**What is being asked:**
Exclude all pictures, then write out exactly the lines below from the first one through the line with "关于芙蓉区红十字会政策文件暂无更新的情况说明".

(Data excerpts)

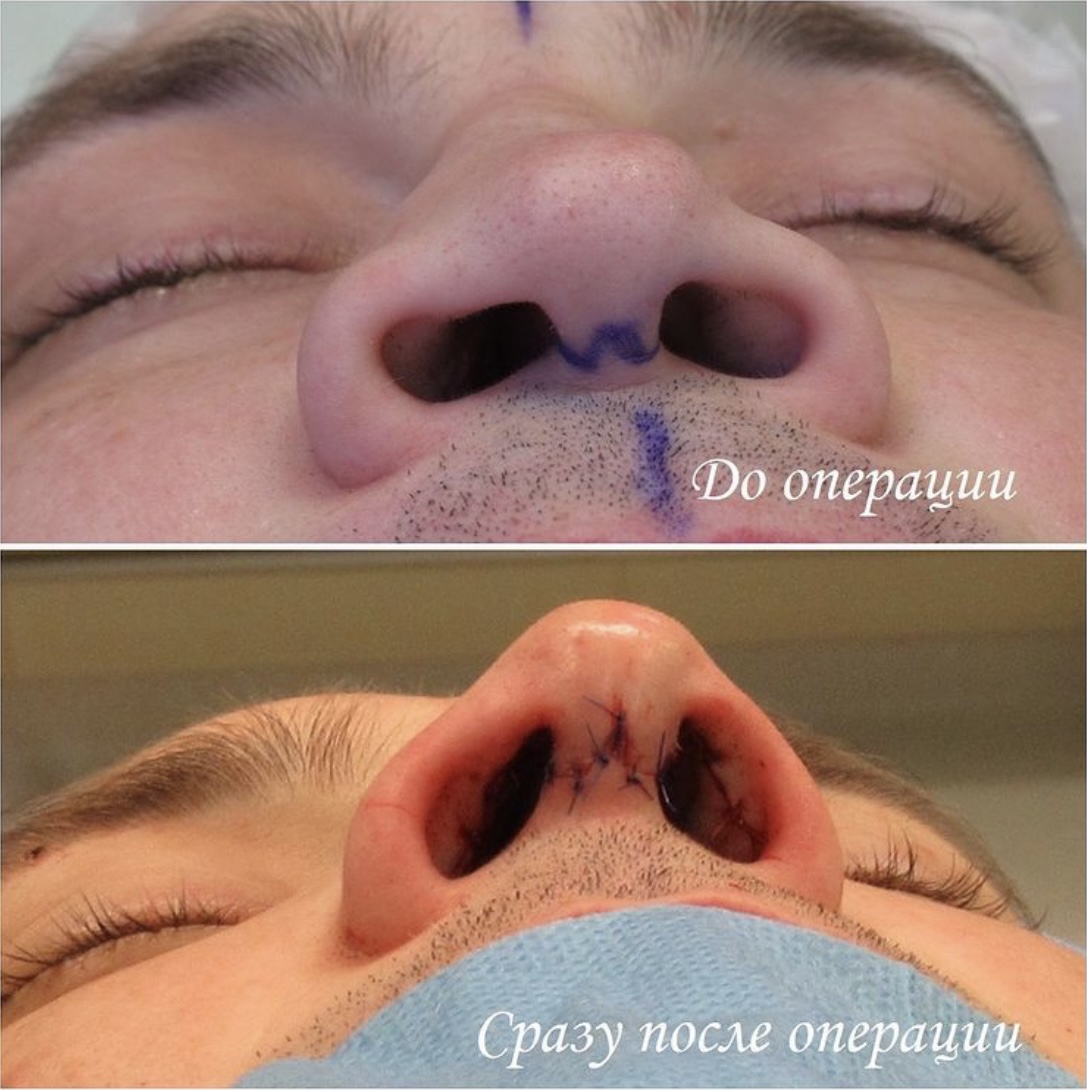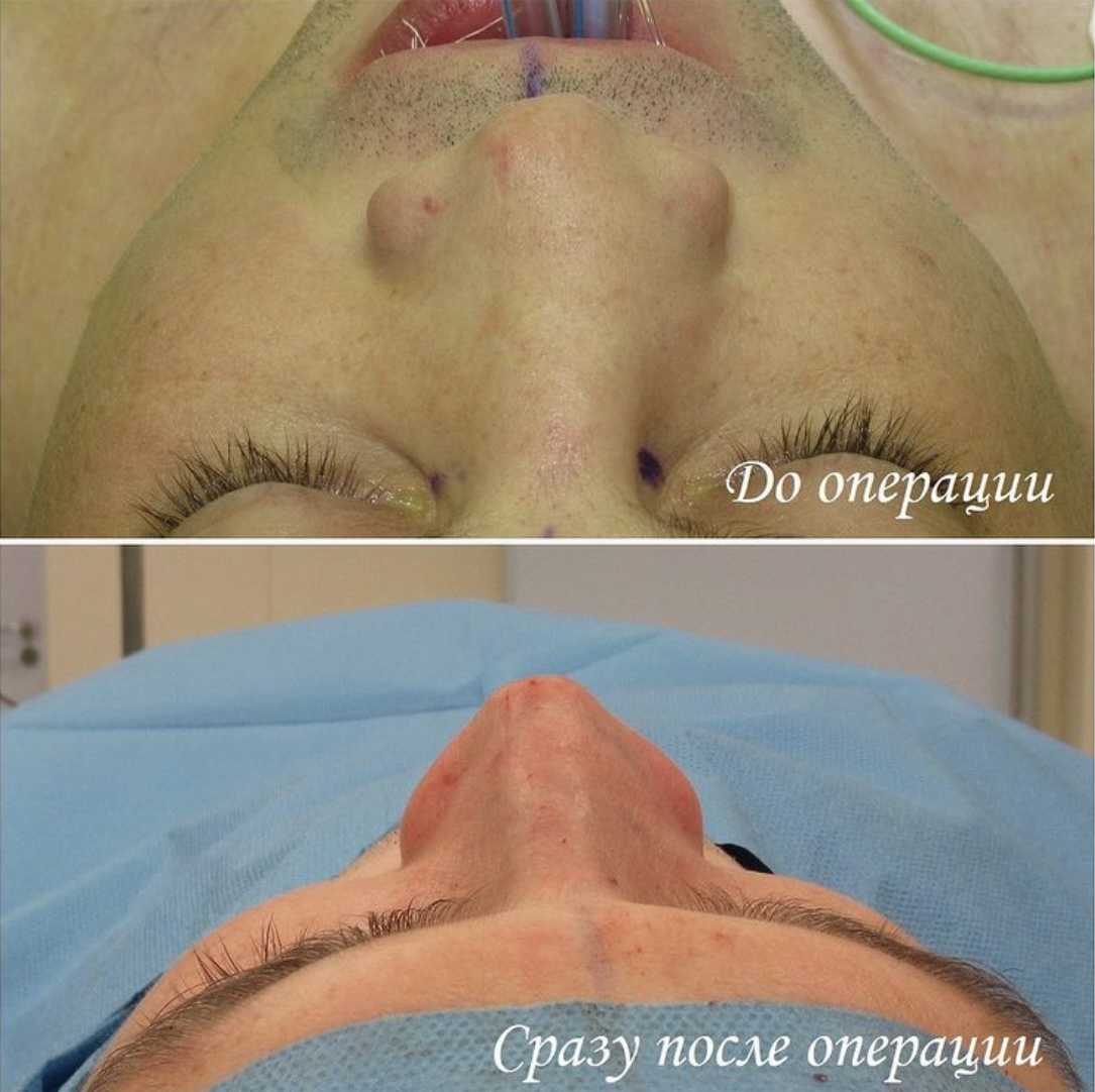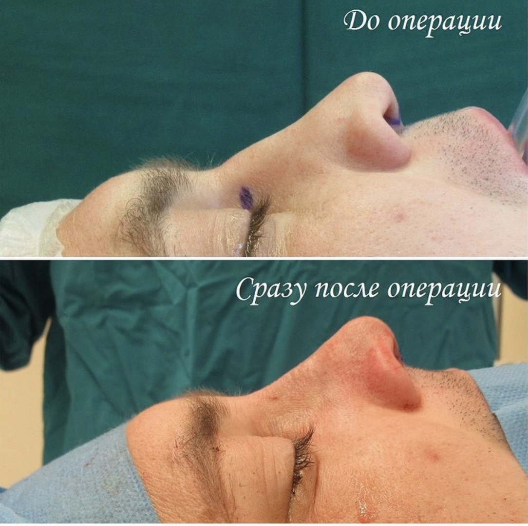 До операции у пациента была травма носа, после чего дважды проводилась ринопластика.
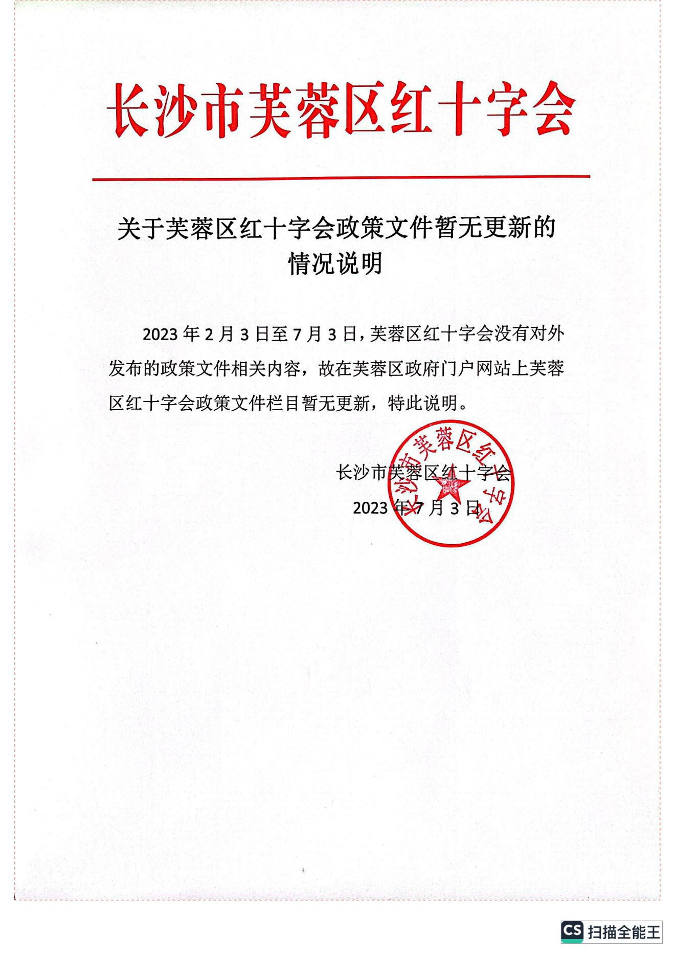 关于芙蓉区红十字会政策文件暂无更新的情况说明
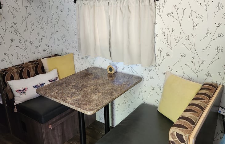 Adorable, renovated, cozy travel trailer available. A queen sized bed with a newly purchased absolutely comfortable mattress is in the main area. Two twin sized bunk beds are at the rear of the trailer. A small dining table is easily converted into a 5th bed if needed. A/C and heating work great and fast.
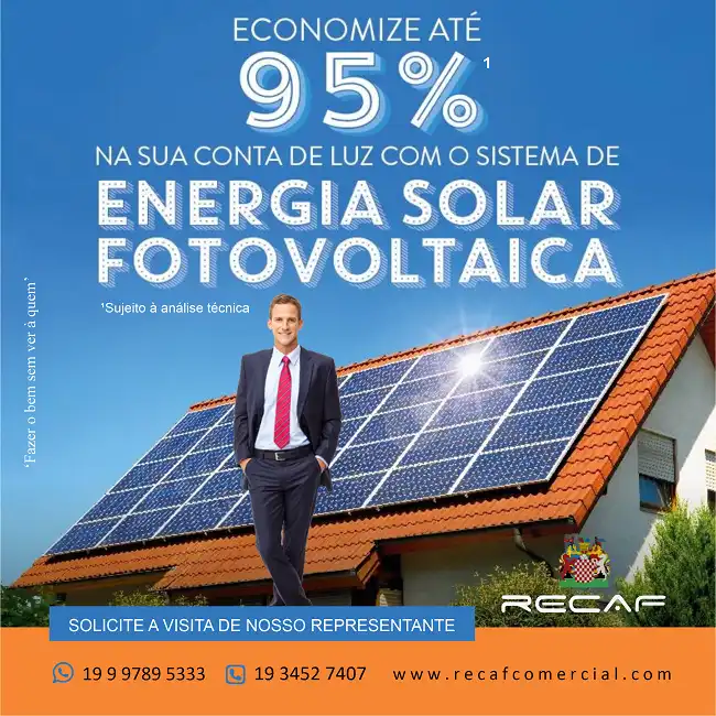 Mensagem: Economize até noventa e cinco por cento na sua conta de luz como sistema de energia solar conhecida como Energia Fotovoltaica.
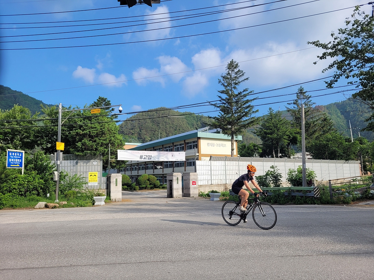 아우라지에서 출발해도 되지만 우리는 임계에서 출발하기로 한다. 임계 마을 안쪽은 오늘 장날이다. 주말에 자전거 탈 때는 보통 면사무소 주차장을 애용하지만 오늘은 마을 입구인 임계고등학교 앞 공터에 주차하고 출발한다.

**Solved exercise:**
 До операции у пациента была травма носа, после чего дважды проводилась ринопластика.
 关于芙蓉区红十字会政策文件暂无更新的情况说明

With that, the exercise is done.